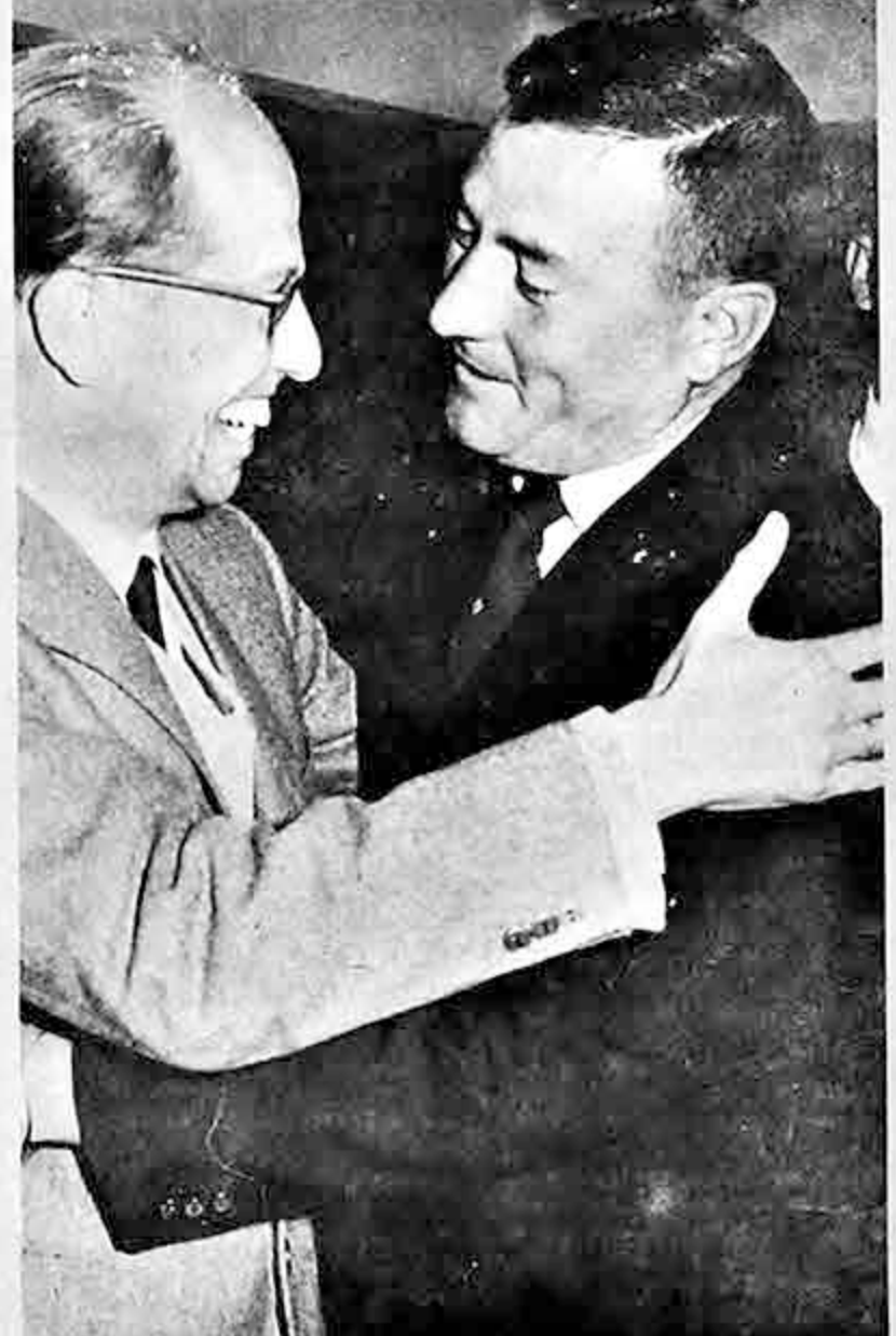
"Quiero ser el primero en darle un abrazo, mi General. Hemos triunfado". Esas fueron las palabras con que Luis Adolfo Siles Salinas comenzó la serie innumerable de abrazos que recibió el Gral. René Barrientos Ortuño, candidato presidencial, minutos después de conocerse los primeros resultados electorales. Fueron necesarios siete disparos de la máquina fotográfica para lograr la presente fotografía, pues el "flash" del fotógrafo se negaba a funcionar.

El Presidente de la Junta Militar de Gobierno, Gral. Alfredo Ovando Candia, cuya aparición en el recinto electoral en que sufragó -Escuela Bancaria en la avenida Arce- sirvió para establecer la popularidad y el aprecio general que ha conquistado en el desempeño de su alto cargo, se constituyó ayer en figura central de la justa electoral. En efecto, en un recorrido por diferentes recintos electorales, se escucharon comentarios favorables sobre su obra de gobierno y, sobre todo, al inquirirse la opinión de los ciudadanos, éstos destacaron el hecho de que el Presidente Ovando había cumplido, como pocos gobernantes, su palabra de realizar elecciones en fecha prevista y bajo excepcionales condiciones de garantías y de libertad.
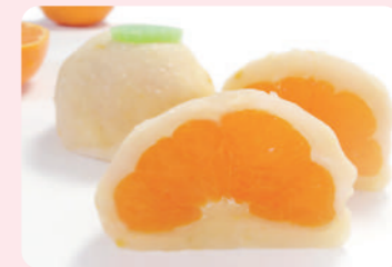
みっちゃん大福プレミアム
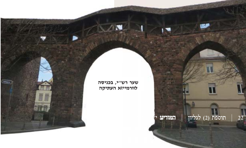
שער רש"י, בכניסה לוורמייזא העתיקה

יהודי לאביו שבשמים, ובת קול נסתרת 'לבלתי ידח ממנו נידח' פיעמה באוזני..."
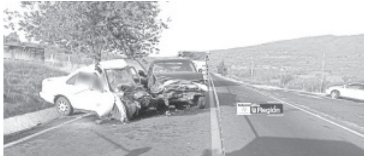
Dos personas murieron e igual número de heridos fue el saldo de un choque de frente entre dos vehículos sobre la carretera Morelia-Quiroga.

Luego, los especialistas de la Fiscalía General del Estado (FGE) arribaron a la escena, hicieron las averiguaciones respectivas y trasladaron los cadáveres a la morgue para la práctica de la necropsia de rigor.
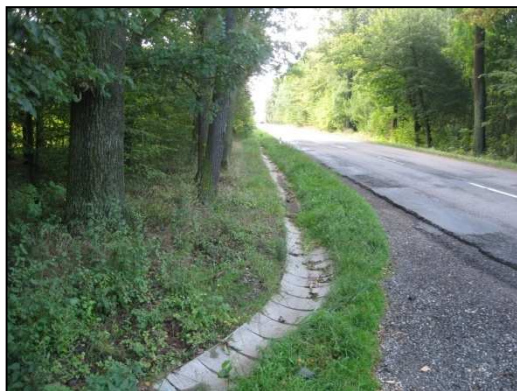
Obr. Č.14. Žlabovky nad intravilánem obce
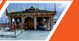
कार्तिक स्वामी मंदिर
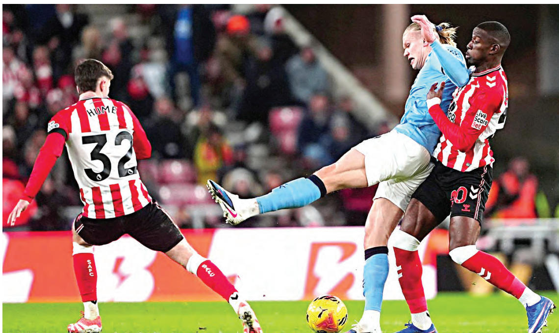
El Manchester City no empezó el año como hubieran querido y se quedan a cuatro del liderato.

__Work to be completed__:
Copy word for word the lines above, starting at the line containing "יהודי לאביו שבשמים, ובת" and ending at the line containing "Dos personas murieron", inclusive, with no pictures.

__Finished task__:
יהודי לאביו שבשמים, ובת קול נסתרת 'לבלתי ידח ממנו נידח' פיעמה באוזני..."
Dos personas murieron e igual número de heridos fue el saldo de un choque de frente entre dos vehículos sobre la carretera Morelia-Quiroga.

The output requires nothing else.